# Box-Cox Transformation

A transformation which is very useful in applied linear regression problems is the Box-Cox transformation which was devised by Box & Cox (1964) to reduce non-normality, heteroscedasticity and non-linearity in the response variable. It is a power transformation of the form:

$y_i^{(\lambda)} = \begin{cases} \frac{y_{i}^{\lambda}-1}{\lambda} & \text{if } \lambda eq0\\ \log\left(\lambda\right) & \text{if }\lambda=0 \end{cases}$

When fitting a linear model, the assumed relationship can then be expressed as follows:

$Y^{(\lambda)} = X \beta + \epsilon$

As we can see, the transformed data do not cover the whole real numbers but are constrained (e.g. the $\log$). It follows that the transformed variables can never be exactly normally distributed, but that this can only be an approximation. A literature review about the Box-Cox transform pointing also to sources which discuss possible methods to estimat $$\lambda$$ is given by Sakia (1992).

In the following, we will use R to estimate $$\lambda$$ and apply the Box-Cox transform on a real data set.

We start by showing an example where the Box-Cox transform is not very helpful. Load the data from R package Sleuth3 which accompanies the excellent book “The Statistical Sleuth” by Ramsey and Schafer.

library(Sleuth3)
data(case0801)
attach(case0801)


The data set is

library(xtable)
print(xtable(case0801), type = \"html\")


AreaSpecies
1 44218 100
2 29371 108
3 4244 45
4 3435 53
5 32 16
6 5 11
7 1 7

Fitting the model by calling

lm1 = lm(Species ~ Area, data = case0801)

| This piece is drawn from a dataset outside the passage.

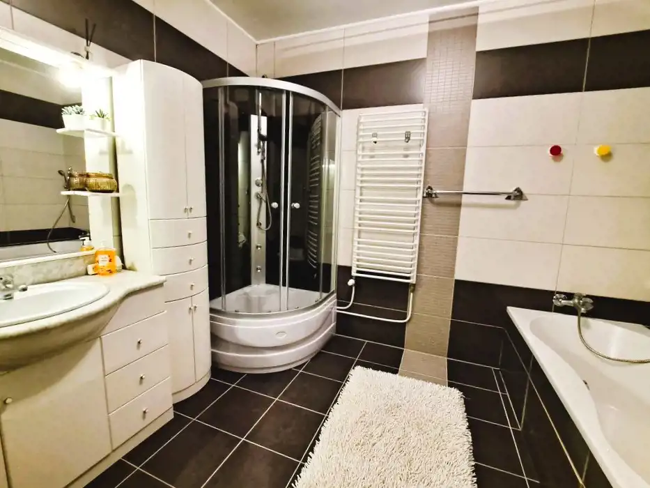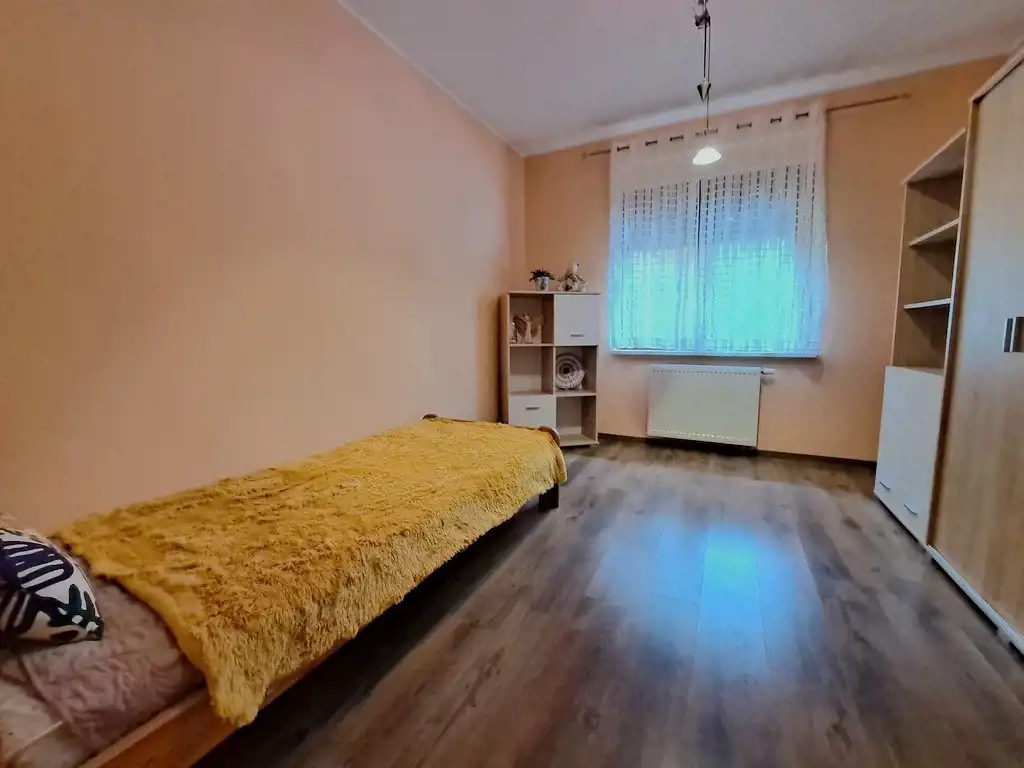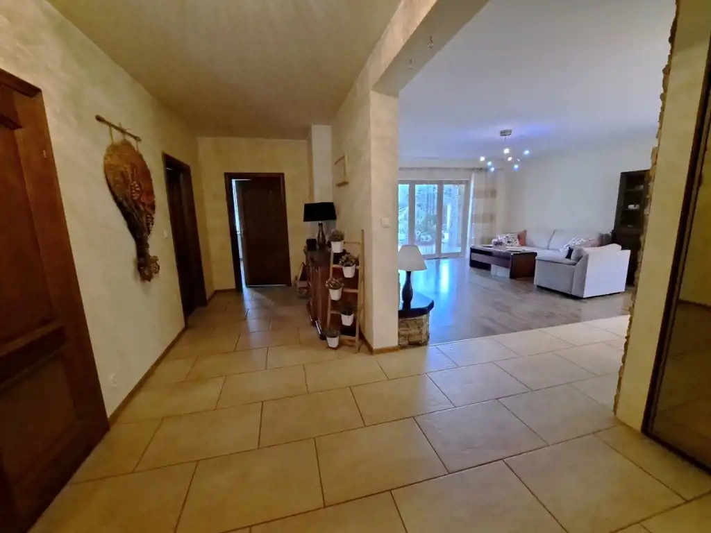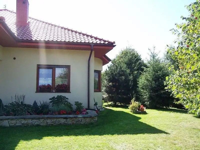 Ściany pokryte gładzią gipsową i glazurą, podłogi wykończone panelami oraz terakotą. Okna PCV z parapetami z konglomeratu zapewniają bardzo dobrą izolację, a drewniane, antywłamaniowe drzwi zewnętrzne podkreślają solidny charakter budynku.

As can be seen from the quantile-quantile plot depicted next, we might face violation of the normality assumption, although it is quite hard to tell given the amount of data:

par(mfrow = c(1, 2))
plot(lm1, which = c(2))
plot(Area ~ Species) In addition, the plot on the right-hand side suggests that the relationship might be non-linear. We now use the Box-Cox transformation in order to decide an appropriate transformation

library(MASS)
boxcox(lm1) In the figure, a 95% confidence interval for $$\lambda$$ are displayed. As we can see, the range of this interval is very large, suggesting that we cannot choose an approrpiate transformation based on this output. This occurs frequently in situations with so few data points.